C'est avec réticence que les principaux porte-parole et stratèges de la grande entreprise au Canada ont appuyé le nouveau budget fédéral. Ils considèrent comme une victoire politique importante que Chrétien n'ait pas cédé devant les inquiétudes de la population quant à l'état du système de santé et des autres services publics et ait plutôt considéré que les diminutions d'impôts étaient la priorité nationale. Mais la grande entreprise ne voit rien d'autre qu'un acompte dans le plan quinquennal de 58 milliards de dollars pour diminuer les impôts personnels, corporatifs et sur les gains en capital.

« Les libéraux semblent avoir reçu le message qu'une nouvelle économie requiert plus qu'une diminution de cette taxe-ci ou de celle-là », a écrit Thomas d'Aquino du Conseil canadien des chefs d'entreprises. Le président du groupe de pression le plus puissant du monde des affaires au Canada a dit qu'il était satisfait que les libéraux « se soient engagés à une stratégie pour diminuer les impôts sur cinq ans et qu'ils entendent y consacrer au moins 58 milliards de dollars. » Mais D'Aquino s'empressait d'ajouter que des diminutions plus importantes et immédiates étaient nécessaires pour les compagnies canadiennes ne prennent pas de retard face à leurs rivaux étrangers. « Je dis que nous devrions avoir dès aujourd'hui un taux d'imposition pour les entreprises comparable à celui des États-Unis, parce que c'est maintenant que doit être livrée la compétition pour les gens et les commandes et les investissements et l'innovation, et pas dans trois ans ou dans cinq ans. »

Les remarques de D'Aquino ont été reprise par la Chambre canadienne de commerce. « Lentement mais sûrement n'est tout simplement pas assez selon les standards internationaux de ces jours-ci » a dit Nancy Hughes Anthony. « Plusieurs de nos plus importants compétiteurs sont très actifs et éliminent les impôts au moment même où je vous parle. »

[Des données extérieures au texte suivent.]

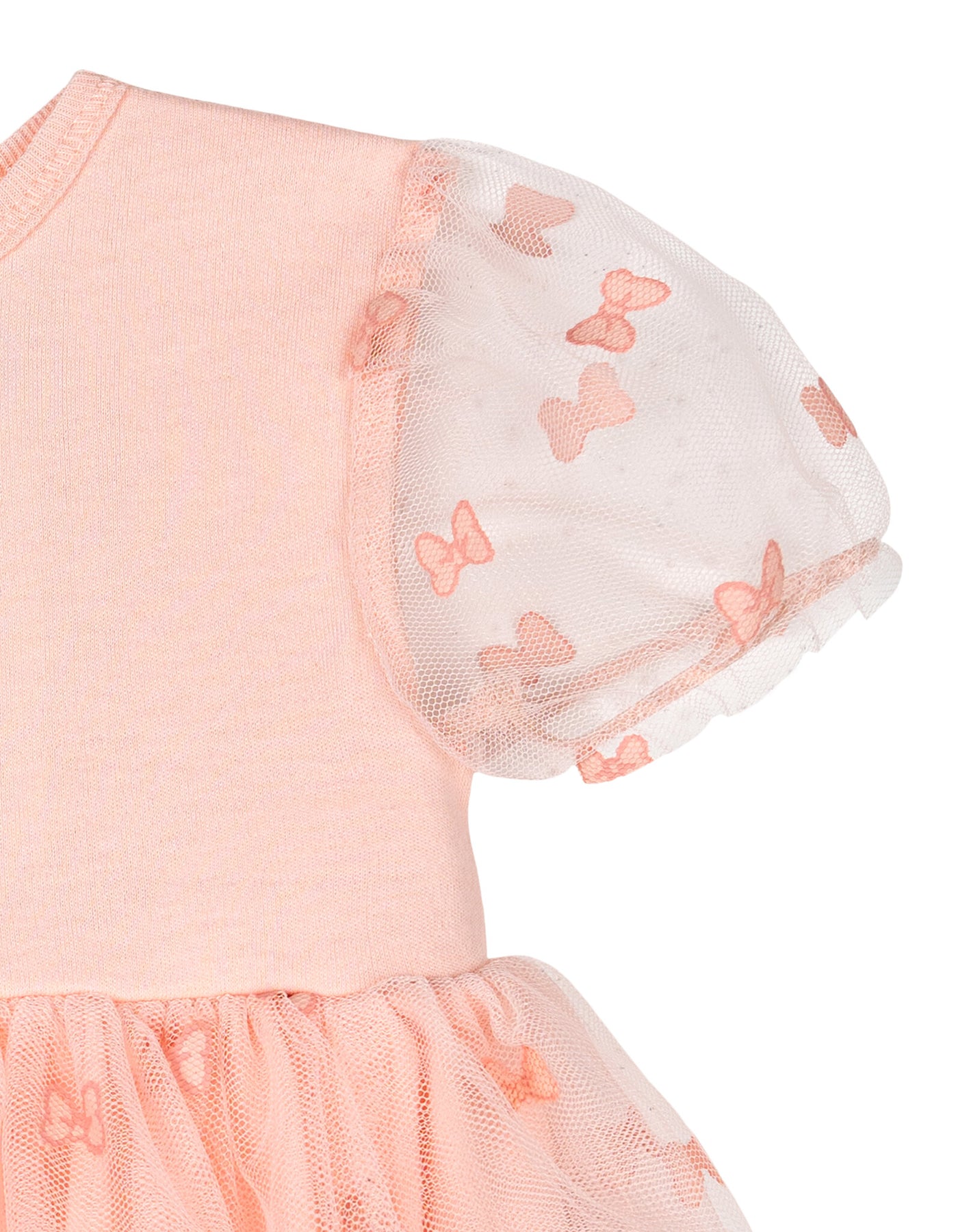 • All over print bow design; 3-snap closure for quick and easy diaper changes; Elastic bow headband; Rib knit crew neck collar; Awesome screen print artwork with embroidery; Fashion puff sleeves with elastic sleeve cuffs for a better fit; Stylish layered mesh overlay dress

Le Globe and Mail, le porte-parole traditionnel des firmes de courtage et des banques de Toronto, a écrit que le budget pour l'année fiscal de 2000-2001 représentait « un progrès, mais modeste, et trop de ses promesses ne prendront place que dans cinq ans. » Le National Post de Conrad Black, encore plus véhément que le Globe lorsqu'il s'agit de dénoncer le poids que fait peser les impôts sur les entreprises et les biens nantis, a intitulé son éditorial analysant le budget : « C'est un début ».

Les diminutions d'impôts : le nouveau cri de ralliement de la grande entreprise

Lors de leur premier mandat (1993-1997), le Parti libéral s'était mérité les félicitations de la grande entreprise parce qu'il avait coupé les dépenses de façon plus importante encore que leurs prédécesseurs du Parti conservateur et, si l'on prend en considération le nombre d'habitants, plus importante aussi que tout autre rival du Canada au sein du G-7. Les libéraux ont coupé dans les transferts aux provinces effectués par le fédéral pour les programmes de santé, l'éducation post-secondaire et l'aide sociale de plus du tiers et a resserré de façon draconienne les critères d'admissibilité de l'assurance-chômage.

Mais ces dernières années, alors que le gouvernement fédéral a commencé à engranger d'importants surplus budgétaires et que l'élite canadienne se convainquait qu'elle n'avait pas récolté au cours de la période de développement économique actuelle autant que ses voisins du Sud, la grande entreprise et la droite politique criaient de plus en plus fort pour exiger des réductions d'impôts.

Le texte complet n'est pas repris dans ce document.